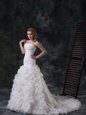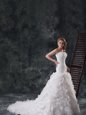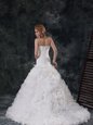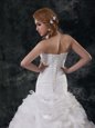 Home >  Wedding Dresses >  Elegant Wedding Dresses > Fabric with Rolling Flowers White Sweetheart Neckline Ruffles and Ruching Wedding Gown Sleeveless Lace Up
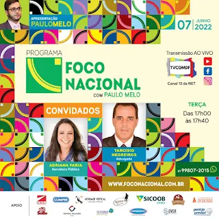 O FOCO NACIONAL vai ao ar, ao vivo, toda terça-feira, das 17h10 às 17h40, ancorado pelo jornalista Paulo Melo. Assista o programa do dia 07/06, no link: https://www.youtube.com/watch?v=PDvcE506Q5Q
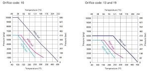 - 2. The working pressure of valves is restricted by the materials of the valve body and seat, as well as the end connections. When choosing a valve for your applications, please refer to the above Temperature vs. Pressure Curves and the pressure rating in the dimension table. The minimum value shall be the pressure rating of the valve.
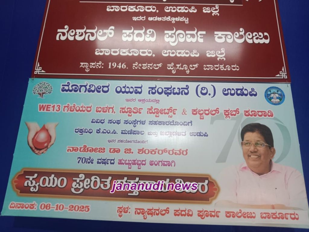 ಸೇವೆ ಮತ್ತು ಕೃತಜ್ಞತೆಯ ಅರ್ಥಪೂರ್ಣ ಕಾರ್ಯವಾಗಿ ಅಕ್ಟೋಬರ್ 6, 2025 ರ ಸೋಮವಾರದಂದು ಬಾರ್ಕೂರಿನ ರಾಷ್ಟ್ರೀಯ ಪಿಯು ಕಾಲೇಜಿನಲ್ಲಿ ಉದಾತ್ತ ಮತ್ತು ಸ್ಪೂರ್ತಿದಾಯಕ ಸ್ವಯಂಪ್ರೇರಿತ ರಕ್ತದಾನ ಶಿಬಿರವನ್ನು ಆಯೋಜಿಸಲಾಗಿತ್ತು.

────────────────

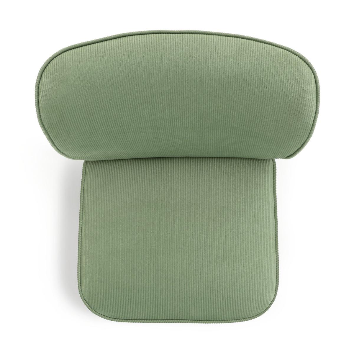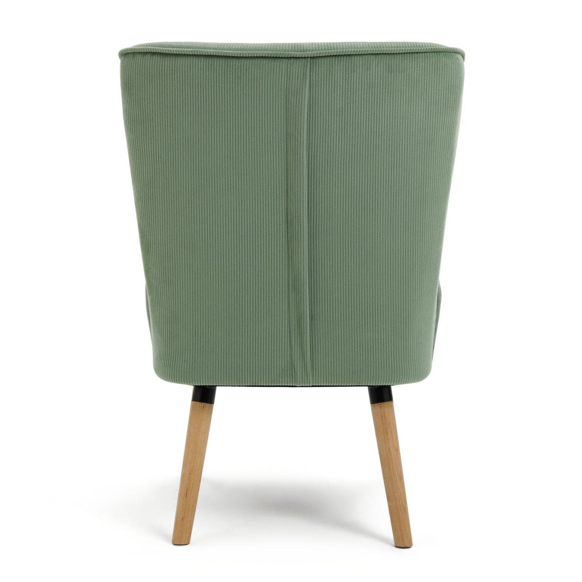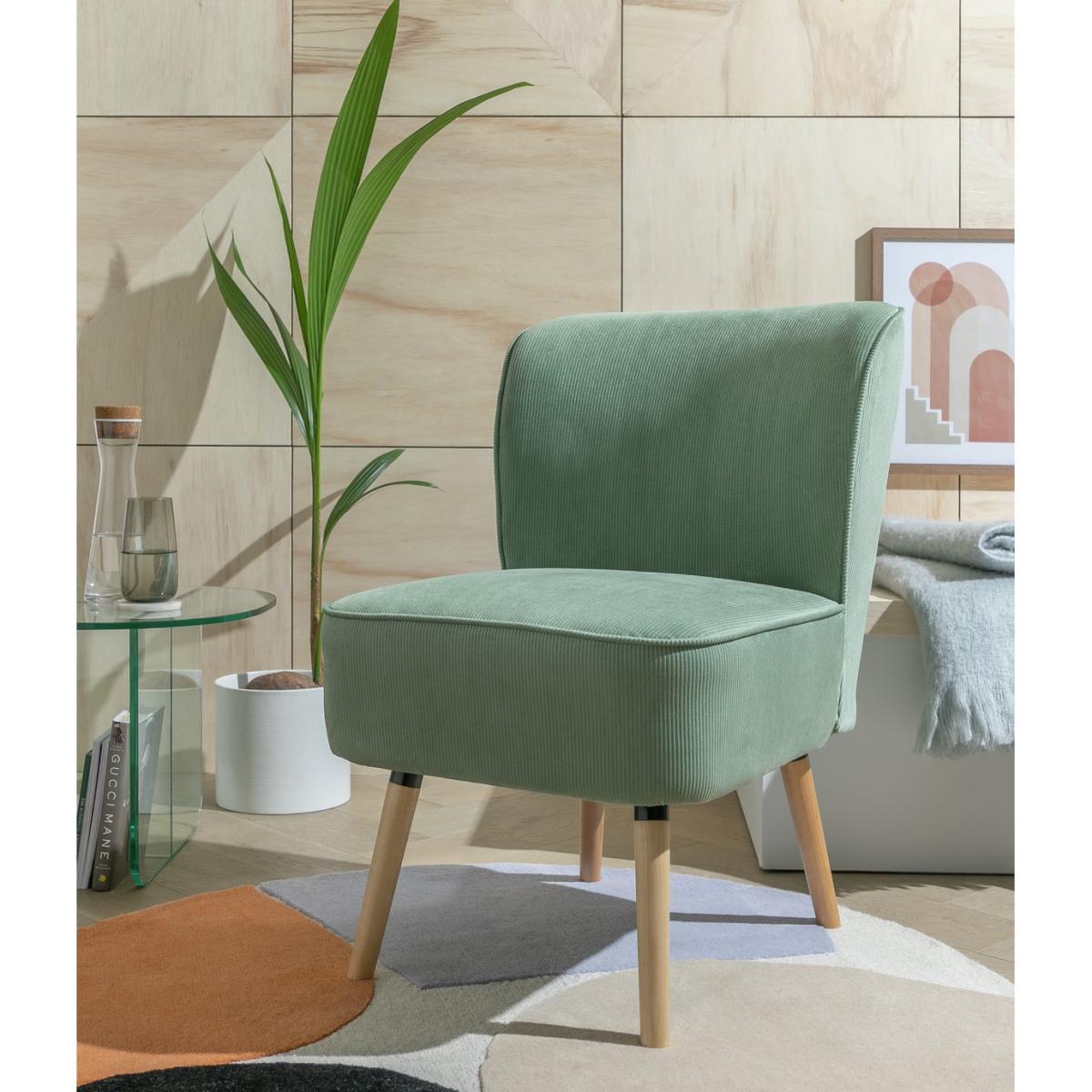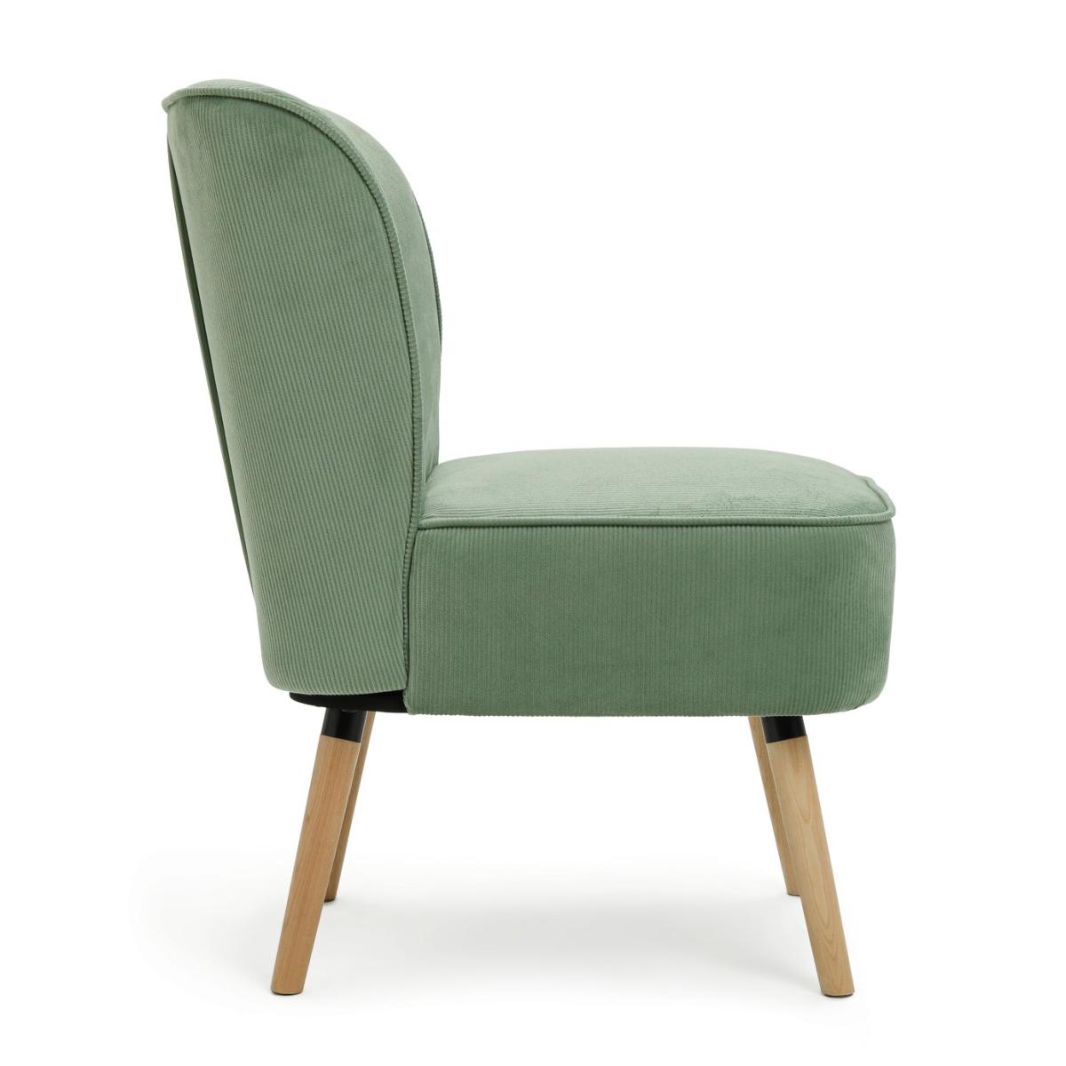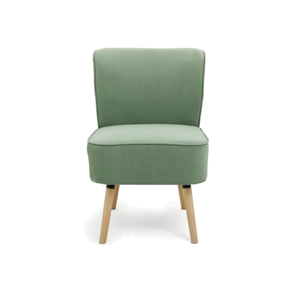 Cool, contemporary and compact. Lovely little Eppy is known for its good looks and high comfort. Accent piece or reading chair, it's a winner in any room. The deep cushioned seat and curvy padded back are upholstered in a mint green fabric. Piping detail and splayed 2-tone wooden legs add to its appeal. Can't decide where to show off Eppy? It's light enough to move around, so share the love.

────────────────

» **EXERCISE PROMPT**
In the entries above, find the line containing "O FOCO NACIONAL" and the line containing "ಸೇವೆ ಮತ್ತು ಕೃತಜ್ಞತೆಯ"; give again exactly those two lines and every line between them, minus the pictures.

» **RESPONSE TO THE TASK**
 O FOCO NACIONAL vai ao ar, ao vivo, toda terça-feira, das 17h10 às 17h40, ancorado pelo jornalista Paulo Melo. Assista o programa do dia 07/06, no link: https://www.youtube.com/watch?v=PDvcE506Q5Q
 - 2. The working pressure of valves is restricted by the materials of the valve body and seat, as well as the end connections. When choosing a valve for your applications, please refer to the above Temperature vs. Pressure Curves and the pressure rating in the dimension table. The minimum value shall be the pressure rating of the valve.
 ಸೇವೆ ಮತ್ತು ಕೃತಜ್ಞತೆಯ ಅರ್ಥಪೂರ್ಣ ಕಾರ್ಯವಾಗಿ ಅಕ್ಟೋಬರ್ 6, 2025 ರ ಸೋಮವಾರದಂದು ಬಾರ್ಕೂರಿನ ರಾಷ್ಟ್ರೀಯ ಪಿಯು ಕಾಲೇಜಿನಲ್ಲಿ ಉದಾತ್ತ ಮತ್ತು ಸ್ಪೂರ್ತಿದಾಯಕ ಸ್ವಯಂಪ್ರೇರಿತ ರಕ್ತದಾನ ಶಿಬಿರವನ್ನು ಆಯೋಜಿಸಲಾಗಿತ್ತು.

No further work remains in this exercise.